On appelle aussi, mal d’aventure, un mal qui vient au bout des doigts, avec une inflammation & abcès, lorsqu’on s’est piqué. Paronychia. Il est fort différent du panaris, quoiqu’il vienne au même endroit. Voyez Panaris.

AVENTURER. v. a. Risquer, mettre au hasard, à l’aventure. Fortune committere, objicere. Il a aventuré sa fortune dans cette affaire. Cet argent est bien aventuré. On le dit souvent avec le pronom personnel, vous vous aventurez trop. Ce Capitaine s’est bien aventuré, d’entrer si avant dans le pays ennemi. Il n’est pas du style noble.

AVENTURÉ, ÉE. Qui est en danger d’être perdu. Quod in periculo est. Le diamant est bien aventuré. R. Caff. Coméd. Affaire aventurée.

Une dame aventurée au jeu de trictrac, est une dame qu’on avance d’abord beaucoup, sans être assuré de pouvoir la couvrir promptement. L. S.

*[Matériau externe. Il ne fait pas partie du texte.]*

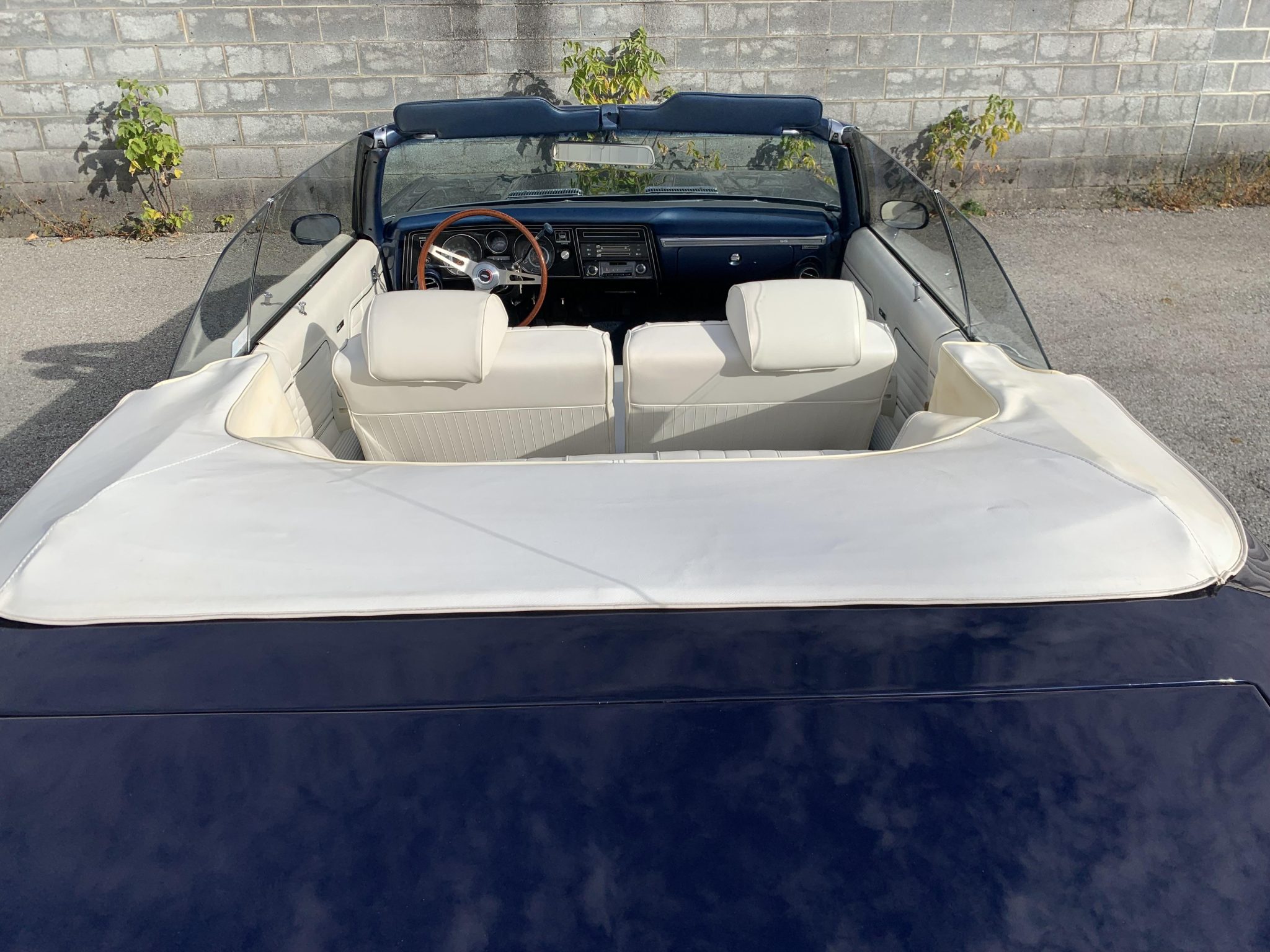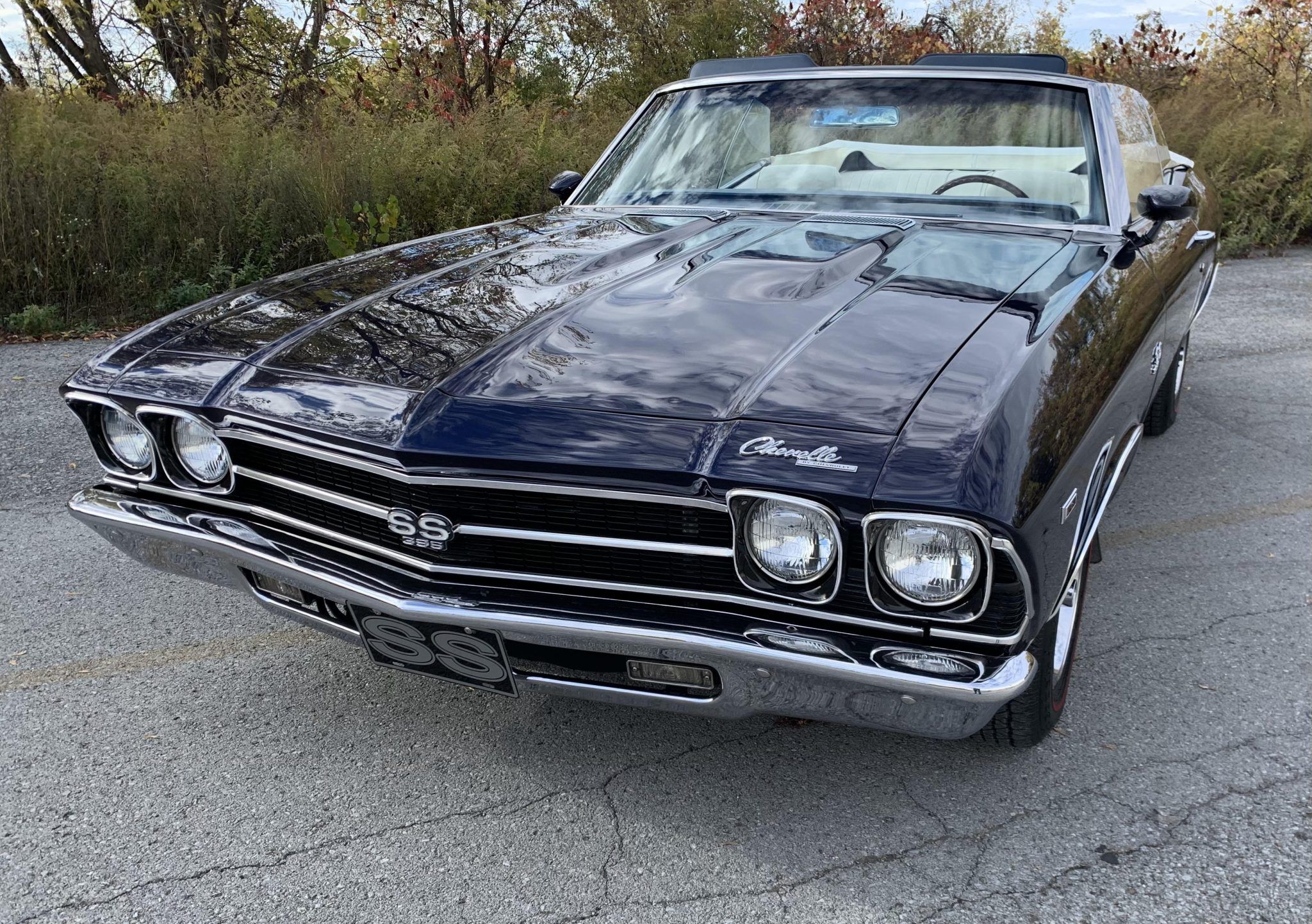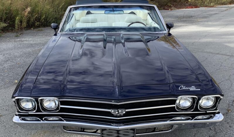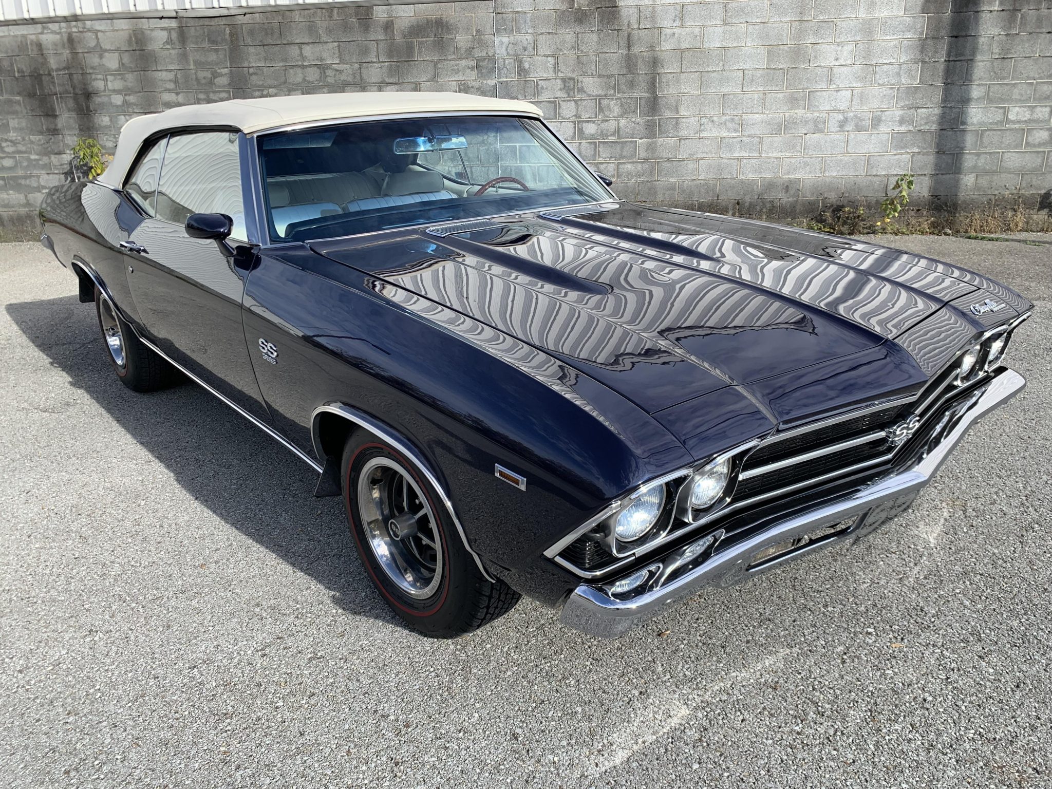 This 1969 Chevrolet Chevelle SS 396 convertible was refurbished in the early 2000s and is powered by a replacement 396ci V8 linked with a three-speed automatic transmission and a 12-bolt PosiTraction rear axle. It is finished in dark blue with a white soft top, and details include SS-style trim and emblems, chrome wheel arch moldings, a dual exhaust system, 14″ Sport wheels, front and rear sway bars, power steering, and front disc brakes. Inside, the bench seats are trimmed in white vinyl and are joined by blue carpets, a push-button radio, a tilting wood-rimmed steering wheel, and a heater.

AVENTUREUX, EUSE. adj. Qui s’aventure, qui s’expose témérairement au péril. Ad audendum projectus. Qui temerè fortune se committit. Je craint les guides aventureux. Le P. Tournemine. Ce soldat est fort aventureux. ☞ Ce terme vieillit, dit l’Académie. On peut bien le regarder comme vieux & suranné.

☞ AVENTURIER. s. m. Qui cherche les aventures, les occasions de la guerre, sans être attaché à aucun corps. On donnoit ce nom sous Louis XII & François I, à une sorte d’infanterie françoise fort mal habillée ; mais qui pour cela n’en étoit pas moins brave. elle fut soumise par François I, au Colonel général de l’infanterie. D’abord elle n’avoit point de solde, mais on lui fournissoit les étapes dans le royaume, & vivoit en pays ennemi du butin qu’elle y pouvoit faire. On la soumit enfin à la discipline militaire. On en voyoit encore sous Henri IV, mais il n’en a point paru depuis. Note sur Cl. Marot.

☞ Dans le discours familier, on le dit parmi nous d’un jeune homme qui cherche à plaire à toutes les femmes, sans s’attacher à aucune. C’est un jeune aventurier qui ne s’attache à rien, & qui se donne à tout. Vagus, circumforaneus amator.

Aventurier, signifie plus ordinairement parmi nous, un homme sans fortune, qui vit d’intrigues. C’est ce qu’on appelle autrement chevalier d’industrie. Alienâ vivere quadrâ peritus.

☞ Dans le commerce, ce terme désigne des gens sans qualité, qui s’intriguent dans les affaires. Défiez-vous de lui, c’est un aventurier. Se immiscere.

☞ On donne encore le nom d’aventurier à certains coureurs de mer, qui piratent sur les mers de l’Amérique, & qu’on appelle autrement, Flubustiers & Boucaniers. Voyez ces mots.